One thing that is nice, is that most of these don't apply to Pugs. Well not pure bred Pugs anyway. It has been proven over time, with specific breeding tests, that pure bred Pugs are Homozygous (both Genes inherited from the parents are the same) and ALL Pugs carry the following set of Genes.

BDE^mgSt            

Black Pugs carry either AA for pure black (AA BB CC DD E^mE^m gg SS tt) or Aa^y for the hybrid blacks
(Aa^y BB CC DD E^mE^m gg SS tt), and have at least one C Gene.
It is suspected that the apricot fawns carry a^ya^y with the C Gene. The true silver colour is a^ya^y with probably the c^ch Allele instead of the C (a^ya^y BB c^chc^ch DD E^mE^m gg SS tt) so it is easy to see how difficult it would be to have a true silver, as the c^ch Gene is very difficult to find in Pugs at all, let alone to find two and mate them. White spots on Pugs (fawns also have white spots) are the result of the dog carrying one of the s modifying Genes, rather than the S Gene.

Now let's look at the other most commonly mistaken Pug colour, the brindle colour, and see how it cannot occur in a pure bred Pug. First, the working of the a^ya^y Gene produces the red, tan or fawn coat (as in this case). The E^m is dominant to the plain E and plain e as well. That means that dogs which carry E^mE^m, E^mE, and E^me, will all appear to be the same: fawn with a black mask. Only by having breeding records of the parents and their offspring could you determine which specific Gene a specific dog carries. 

The Allele A for black coat, coupled with the brindle Gene e^br will produce black solid dogs, since A conceals the brindle Gene. The brindle Gene, e^br when found in conjunction with an E^m will ALWAYS show up as a dog with brindle markings and a black mask. The combinations of  Ee^br or e^bre^br will produce the brindle without a black mask, or brindle all over. But ANYTIME the e^br Gene is present - even if there is just one solitary Gene - the dog will have a visible brindle coat colour. That means you cannot have a recessive brindle, you cannot have a 'hidden' brindle Gene - unless it is in a solid black dog that masks the Gene. But any dog with a brindle Gene that is not black will show the brindle colouration.
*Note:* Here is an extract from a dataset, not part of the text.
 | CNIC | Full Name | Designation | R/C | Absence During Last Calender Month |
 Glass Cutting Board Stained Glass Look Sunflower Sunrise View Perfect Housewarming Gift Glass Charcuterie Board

So when someone tells you that they bred a fawn sire to a fawn dam and got a brindle puppy..... it physically cannot happen genetically. Some other dog which DOES carry the brindle Gene MUST have been the sire if the dam is a fawn Pug.

Pugs have carried the E^m Gene for well over 100 years (that is, every dog has E^mE^m) and this was demonstrated during test breedings back in the 1940s under controlled scientific condition.
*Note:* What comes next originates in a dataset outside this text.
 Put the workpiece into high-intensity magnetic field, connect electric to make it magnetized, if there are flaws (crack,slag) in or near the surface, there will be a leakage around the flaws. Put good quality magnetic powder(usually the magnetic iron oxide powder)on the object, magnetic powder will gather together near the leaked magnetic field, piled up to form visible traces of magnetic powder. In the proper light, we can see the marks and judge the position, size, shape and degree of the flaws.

So dogs with the brindle Gene today must have been introduced from another breed carrying the e^br Gene,
making it a cross-bred dog.

THAT'S IT !!

If you have gotten this far and read the entire thing, either you understand how your darling little Pug gets it's colours and appearance, or you are completely mind blown and totally lost.

Either way, we hope you have enjoyed reading about the genetics of Pugs.